Data Processing Examples
Read in a .txt file:
df_i_header_file = OutputDir+fileName
df_i_header = pd.read_csv(df_i_header_file, sep=r'\t', engine='python',header=None)
Rename column names:
df_i_header.columns = [['Category', 'Description']]
df_Vstar = df_Vstar.rename(columns={x:x+'_FAH_comp' for x in df_Vstar.columns if x not in ['ROW']})
df_Head_t_full['Index'] = df_Head_t_full['Index'].astype(str).apply(lambda x:x.zfill(5))

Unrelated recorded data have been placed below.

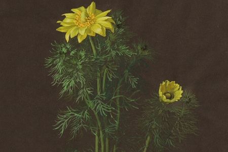 Ernst Kreidolf, Bergblumen II: Alpiner Adonis, Adonis Alpinum, um 1918, Deckfarben auf schwarzem Papier, 30,3 x 24,9 cm, Kunstmuseum Bern, Verein Ernst Kreidolf © 2017 ProLitteris, Zürich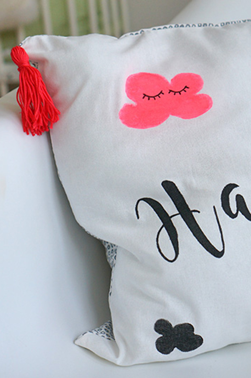 Die Quasten können jetzt an die beiden oberen Ecken des Kissens genäht werden. Fertig!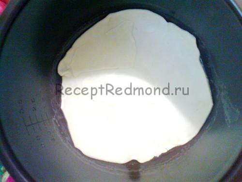 Беремо листкове дріжджове тісто. Однієї пачки вагою 500г вам вистачить на 6 таких міні-піц. Це тісто продається в будь-якому магазині в замороженому вигляді. Воно дуже швидко розморожується — приблизно 20 хвилин в кімнатній температурі. У мікрохвильовій печі можна розморозити за 1 хвилину. Тісто також у вас не пропаде. З нього можна приготувати масу простих і смачних страв. Наприклад, спекти для сім’ї слойки з сиром або з грибами, сосиски в тісті.Тісто треба розкачати, щоб воно збільшилося в довжину і ширину приблизно в два рази. Перш ніж розгортати, качалку і тісто потрібно злегка присипати борошном.Виріжте коло діаметром з чашу вашої мультиварки. Я робила це за допомогою сітки для варіння на пару. Її діаметр ідеально підходить для цих цілей. Потім змастіть чашу вершковим маслом і покладіть тісто на дно мультиварки.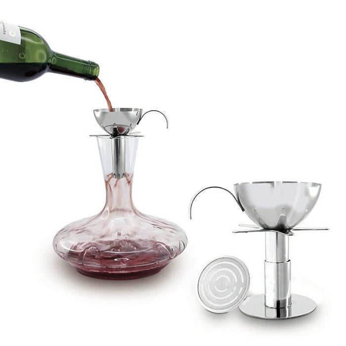 The wine flows alongside the inner walls of the decanter in a slow motion. A star-shape metal piece keeps the funnel centred which enables easy circulation of the air inside the decanter. Easy to collapse and store.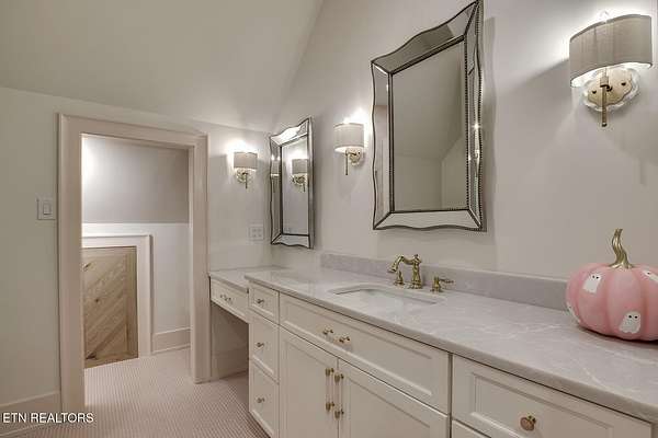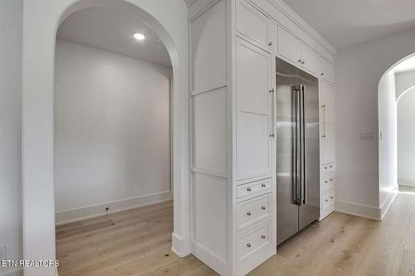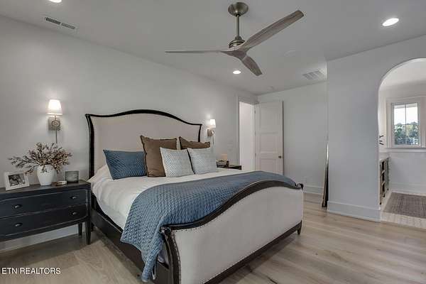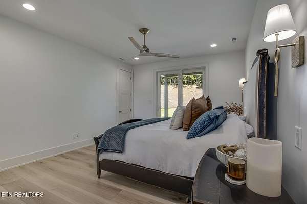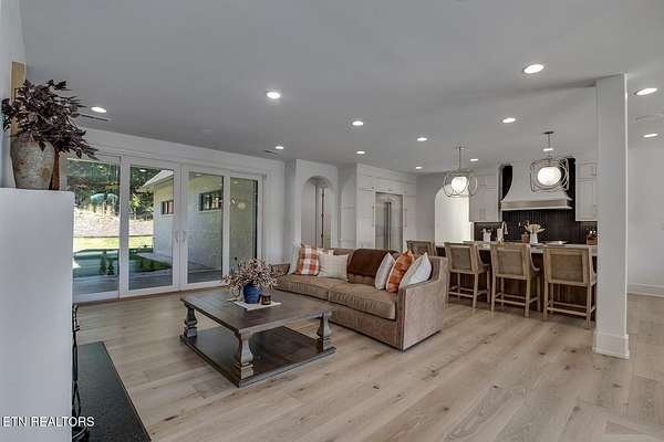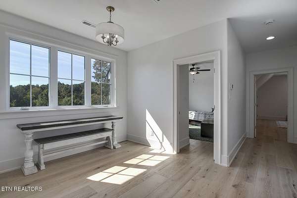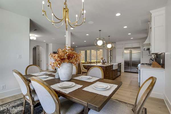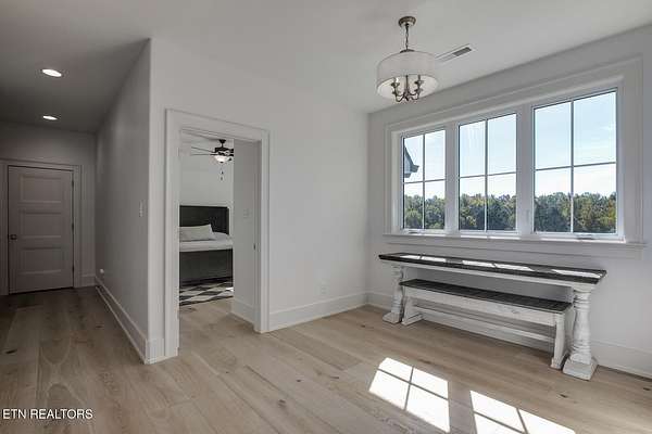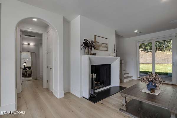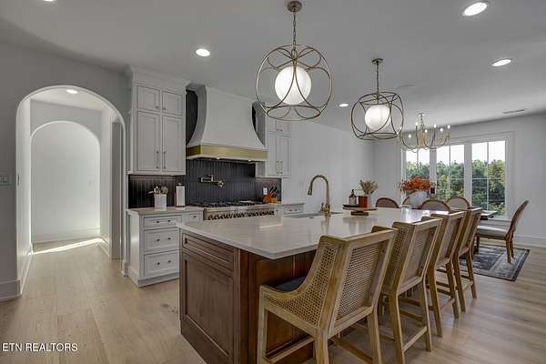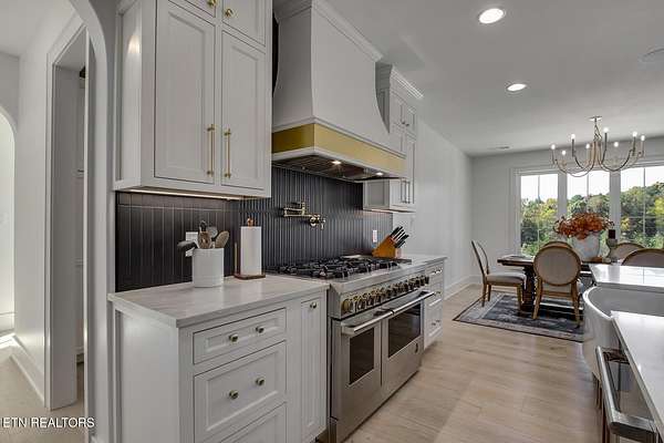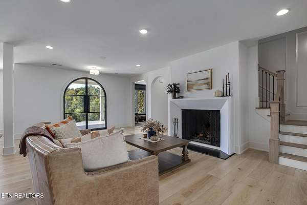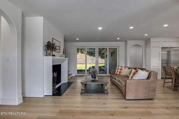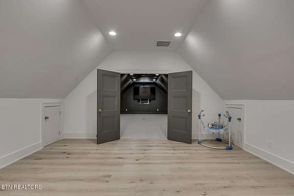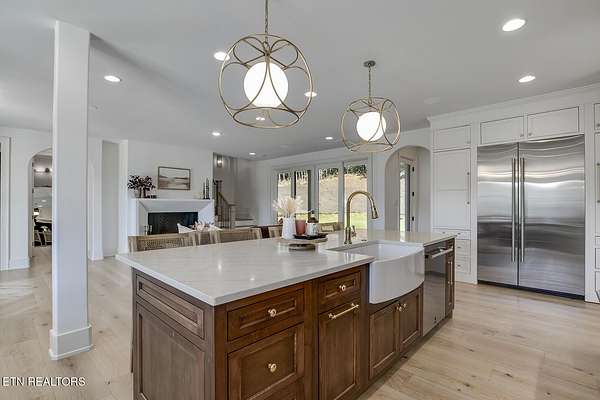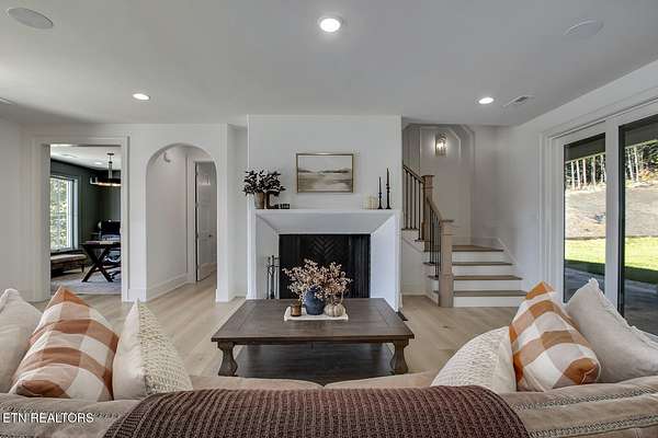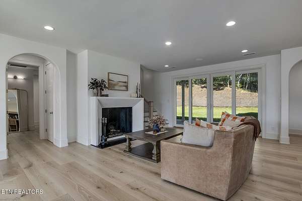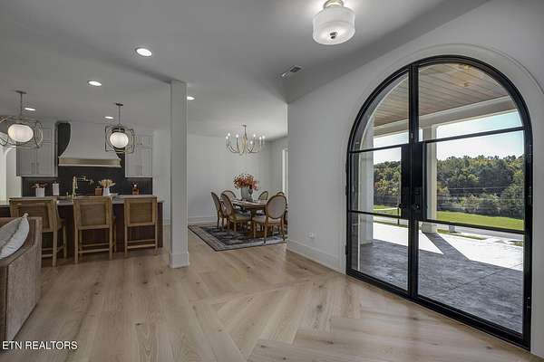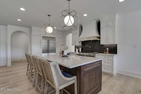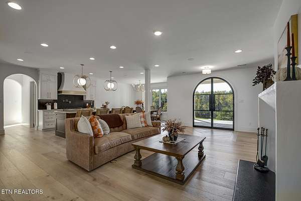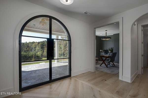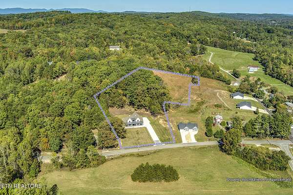 Come home to this builder's personal custom residence, thoughtfully designed with refined luxury and set on just under five picturesque acres. Enjoy the peace of a country setting while being only minutes from Lenoir City, West Knoxville, and convenient access to I-75 and I-40. A welcoming covered front porch leads through double glass doors into a stunning living space highlighted by a herringbone hardwood foyer, custom-crafted mantel, and wood-burning fireplace-perfectly positioned to flow into the kitchen and breakfast area for effortless entertaining. The chef's kitchen is outfitted with commercial-grade appliances, a 6-burner propane range with griddle, electric stove, reverse-osmosis pot filler, inset cabinetry, built-in spice racks, and under-cabinet lighting. A full butler's pantry elevates functionality with a pellet ice maker and secondary sink featuring reverse-osmosis drinking water. The main level also includes a private study with custom built-ins and an RO water line for coffee, a full guest bath conveniently located off the rear patio (ideal for future pool access), and a spacious mudroom with abundant cabinetry and storage. The oversized garage features glass garage doors, epoxy flooring, and is pre-wired for a generator, electric vehicle charger, and pool equipment. The primary suite, located on the main level, offers private patio access and a spa-inspired bath with dual vanities, a soaking tub set within a dramatic open dual shower featuring rain heads, standard heads, and body wands. The custom walk-in closet is complete with tailored shelving, drawers, and hanging rods. Upstairs you'll find four generously sized bedrooms, two full baths, a sitting area, playroom, bonus/media room, and ample storage and mechanical space. Bedrooms include custom closet systems, while the theater room is equipped with a mini bar, refrigerator, 80' Samsung TV, Sonos soundbar and subwoofer, pre-wiring for a projector, and stadium-style floor seating. Additional features include spray foam insulation +select interior insulated walls sound, soft-close cabinetry throughout, engineered hardwood flooring, tankless water heater, multi-zone HVAC, whole-house water filtration with reverse osmosis, irrigation system, exterior camera system, and Sonos audio on the main level, rear porch, and theater room. This exceptional property offers unmatched beauty, refined craftsmanship, and room to roam-whether you envision adding a pool, cultivating a garden, or embracing a small homestead lifestyle. Homes of this caliber on acreage are a rare offering in Loudon County.

- Rename (remove last few characters) except:
AFS_basic_ag_dom_agg = AFS_basic_ag_dom_agg.rename(columns= lambda x: str(x)[:-4] if x!='Sector' else x)
Rename column names by location:
df_outlay.columns.values[1]='PCE_basic'
Use one column as column names for a dataframe:
df_L.columns = df_T_header["ROW"]
Use two columns as a dictionary to rename:
Sort by columns:
sorted_df = df.sort_values(by=['Column1', 'Column2'], ascending=[True, False])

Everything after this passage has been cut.